Transfer is granted. Except to the extent summarily affirmed as to the non-enforceability of the oral contract of employment, the opinion of the Court of Appeals is vacated. This cause is remanded to the trial court for further proceedings.
SHEPARD, C.J. and DeBRULER and GIVAN, JJ., concur.
SULLIVAN, J., concurs in result.
NOTES
[1] Apart from the promissory estoppel theory, Eby also described a separate cause of action for constructive fraud, the elements of which included false material representation of past, existing, or promissory facts which induce reliance by the one relying, and an advantage to the promisor, thus producing an unconscionable advantage to one party over another. Eby, 455 N.E.2d at 628. The appellate issue presented and argued by the Brief of the Appellant is that of promissory estoppel, not constructive fraud.
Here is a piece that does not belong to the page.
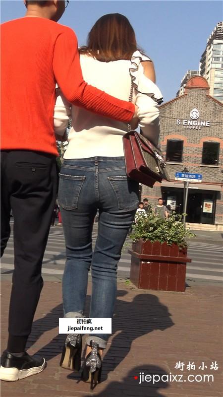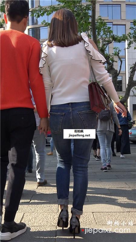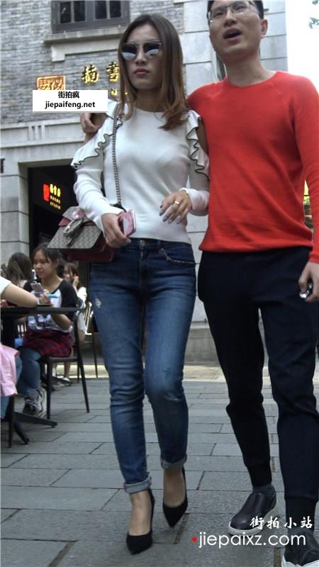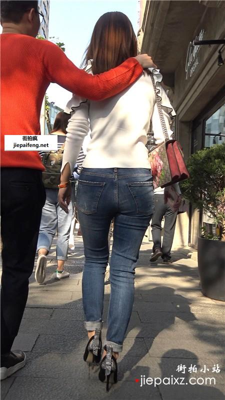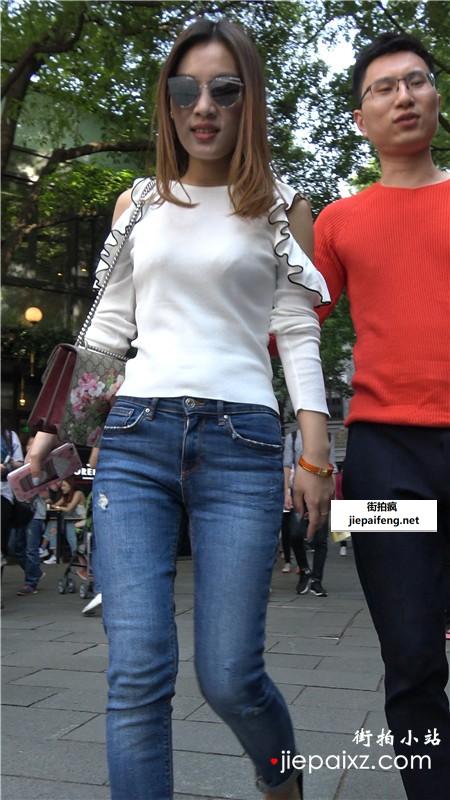 4k-紧身蓝色牛仔裤白衣服性感街拍美女 [1.54 GB]

[2] Our decision today is not guided by Romack v. Public Service Co. of Indiana (1987), Ind., 511 N.E.2d 1024, in which we adopted the view expressed in Judge Conover's dissenting opinion in the Court of Appeals decision, Romack v. Public Service Co. of Indiana (1986), Ind. App., 499 N.E.2d 768, 776-80 (Conover, dissenting). The precedential value of Romack is somewhat limited by its particular facts and because the principal issue was constructive fraud, not promissory estoppel. Romack allowed an action for wrongful discharge and required a finding of good cause necessary before termination of employment where "(1) the employer knows the employee had a former job with assured permanency (or assured non-arbitrary firing policies) and (2) [the employee] was only accepting the new job upon receiving assurances the new employer could guarantee similar permanency." Romack, 499 N.E.2d at 778. For an action based on constructive fraud, there must be a false material promissory representation which induces a detrimental reliance of the promisee and an advantage to the promisor. Romack v. Public Serv. Co. of Ind. (1986), Ind. App., 499 N.E.2d 768, 778-79 (Conover, dissenting), adopted by this Court in Romack v. Public Serv. Co. of Ind. (1987), Ind., 511 N.E.2d 1024.
[3] Indiana is not the only state to take exception to the federal Celotex standard. See, e.g., Berner v. Caldwell (1989), Ala., 543 So. 2d 686, 688.